The Western Flyer,Jet Fire and the repainted girls bike were made by Murray Ohio. Federals was a  dept. store chain  in and around Detroit,maybe elsewhere.Most of them burned down,HMMMM. One near me was directly across the street from a fire station and still burned to the ground,lol! The first bike is sweet! It's the W/F version of a Sears Spaceliner,it looks mint!. I have a near mint red 5 speed Schwinn Twnn like yours,lots of fun with the ladyfriend.Nice collection.

Pat


----------



## bmason (Apr 20, 2011)

thanks bro i really appreciate it i just started end the cosmic flyer fired me up 
how do i fig out the values of bikes due to what it is and condition 
thanks
so my jet fire is a western flyer serial num says x9    not x10  serial numbers confused me


----------



## PCHiggin (Apr 20, 2011)

bmason said:


> thanks bro i really appreciate it i just started end the cosmic flyer fired me up
> how do i fig out the values of bikes due to what it is and condition
> thanks
> so my jet fire is a western flyer serial num says x9    not x10  serial numbers confused me




No,The Jet Fire is a Federals bike just as the Western flyer is a Western Auto bike. They were both made by Murray,a company that made the Jet Fire  style bike for many different stores and the Cosmic Flyer style bike for at least 3 stores that I can think of,Sears being the largest. I don't believe one can tell the year or model of a Murray Ohio bike based on the serial number. I think pictures compared to old literature are the only way to nail down a Murray Built bike.

Pat


----------



## bmason (Apr 20, 2011)

i got ya i got confused i appreciate it alot its kinda hard being a rookie i read somewhere the yellow bike because of the cw
could stand for cleveland welding?how do you get a value of bikes or any bikes 
really driveing me crazy 
i do appreciate it i hope i can help you out someday im always finding new stuff free stuff people give me free bikes also old ones
i fix all the kids bikes in the neighborhood   kinda got the hood on lock down lol


----------



## vincev (Apr 20, 2011)

The Tulsa 100 is much like the Little 500 at Bloomington In.

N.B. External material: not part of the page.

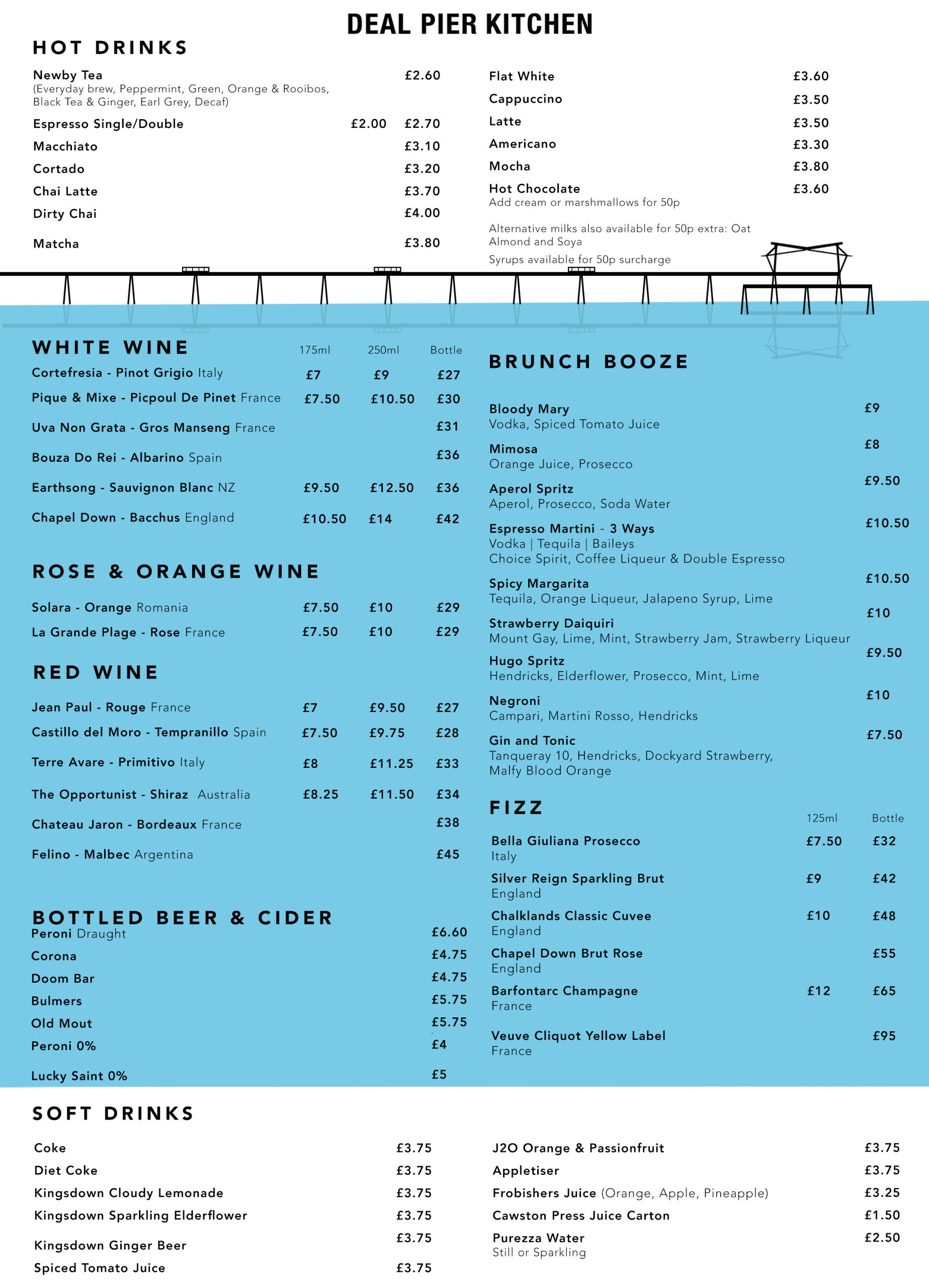 For any further information you’re unable to find on our website, please don’t hesitate to email us info@dealpierkitchen.com or call 01304 368 228

A single speed with a coaster brake.All set up the same for the race.Here is a pic of my 500.Worth about $350


----------



## bmason (Apr 21, 2011)

thanks bro thats great i have two of them bought them of craigslist 
i like yours there neat bikes good story behind them and not to many maid i really appreciate your post im new to this i havent made 
the popular crowed yet lol  but im learning as i go great reply thanks


----------



## 30thtbird (Apr 21, 2011)

Federal Jet Fire
M= Murray
9 = 1969
5020 = model number same as Murray Jet Fire, yours looks complete.
X92 = Federal (or the store that sold Federal badged bikes.)
222231 = sequential production number.

yellow westerflyer
Never seen a serial number from Murray start out like that one, but I believe....
W = year code 1963
55 = model number same as Murray Solar Flite fully equipped missing tank on yours, but the tank mounting tab is still present.
X6 = this is not originally a western flyer. It is a Flying "O" Otasco
458818 = sequential production number.

cosmic flyer
mo = Murray ohio
W = year code 1963
54 = model number same as Murray Solar Flite (fully equipped)
X10 = Western Auto stores
510125 = sequential production number


----------